**Aim of the exercise**: Copying rule for the data below: take the line containing "如果的世界果盘版是专门为果盘" and every line after it to the end, exactly, and drop all pictures.

**Data excerpts**:
* * * * * * *
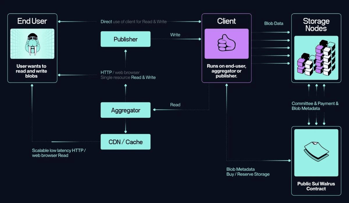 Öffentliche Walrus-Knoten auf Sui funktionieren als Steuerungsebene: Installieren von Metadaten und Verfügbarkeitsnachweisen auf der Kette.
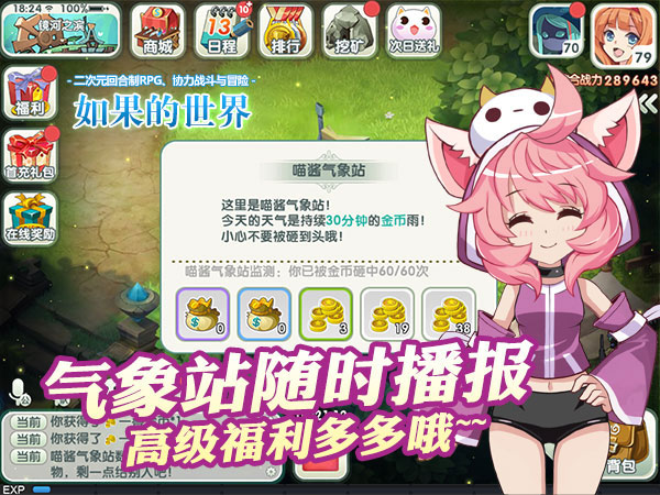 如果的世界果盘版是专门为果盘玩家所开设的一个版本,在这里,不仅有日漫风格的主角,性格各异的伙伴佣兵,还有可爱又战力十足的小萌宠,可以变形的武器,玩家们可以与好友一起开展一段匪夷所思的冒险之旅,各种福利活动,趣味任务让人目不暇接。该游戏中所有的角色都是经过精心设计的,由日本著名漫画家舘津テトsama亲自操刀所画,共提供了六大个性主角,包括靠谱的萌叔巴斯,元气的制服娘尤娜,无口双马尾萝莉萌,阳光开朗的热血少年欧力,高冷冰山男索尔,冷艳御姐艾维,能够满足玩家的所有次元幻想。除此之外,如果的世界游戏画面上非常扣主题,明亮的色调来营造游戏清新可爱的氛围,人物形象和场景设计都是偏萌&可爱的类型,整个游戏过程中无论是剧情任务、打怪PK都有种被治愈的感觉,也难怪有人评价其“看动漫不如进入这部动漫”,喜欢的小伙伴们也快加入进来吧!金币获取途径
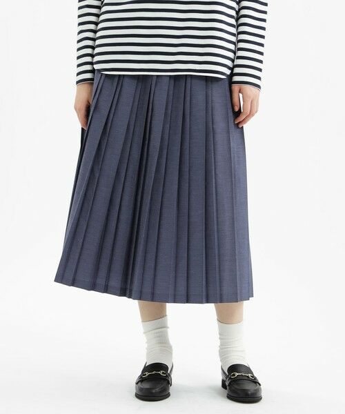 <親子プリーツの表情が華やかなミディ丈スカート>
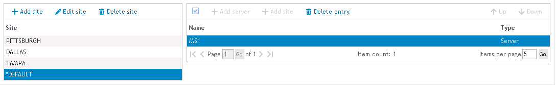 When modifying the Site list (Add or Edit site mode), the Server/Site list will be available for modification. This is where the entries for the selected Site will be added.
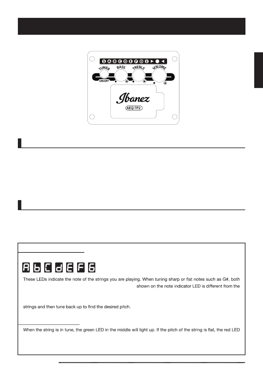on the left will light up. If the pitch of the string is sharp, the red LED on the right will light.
* * * * * * *
**Result of the task**:
 如果的世界果盘版是专门为果盘玩家所开设的一个版本,在这里,不仅有日漫风格的主角,性格各异的伙伴佣兵,还有可爱又战力十足的小萌宠,可以变形的武器,玩家们可以与好友一起开展一段匪夷所思的冒险之旅,各种福利活动,趣味任务让人目不暇接。该游戏中所有的角色都是经过精心设计的,由日本著名漫画家舘津テトsama亲自操刀所画,共提供了六大个性主角,包括靠谱的萌叔巴斯,元气的制服娘尤娜,无口双马尾萝莉萌,阳光开朗的热血少年欧力,高冷冰山男索尔,冷艳御姐艾维,能够满足玩家的所有次元幻想。除此之外,如果的世界游戏画面上非常扣主题,明亮的色调来营造游戏清新可爱的氛围,人物形象和场景设计都是偏萌&可爱的类型,整个游戏过程中无论是剧情任务、打怪PK都有种被治愈的感觉,也难怪有人评价其“看动漫不如进入这部动漫”,喜欢的小伙伴们也快加入进来吧!金币获取途径
 <親子プリーツの表情が華やかなミディ丈スカート>
 When modifying the Site list (Add or Edit site mode), the Server/Site list will be available for modification. This is where the entries for the selected Site will be added.
on the left will light up. If the pitch of the string is sharp, the red LED on the right will light.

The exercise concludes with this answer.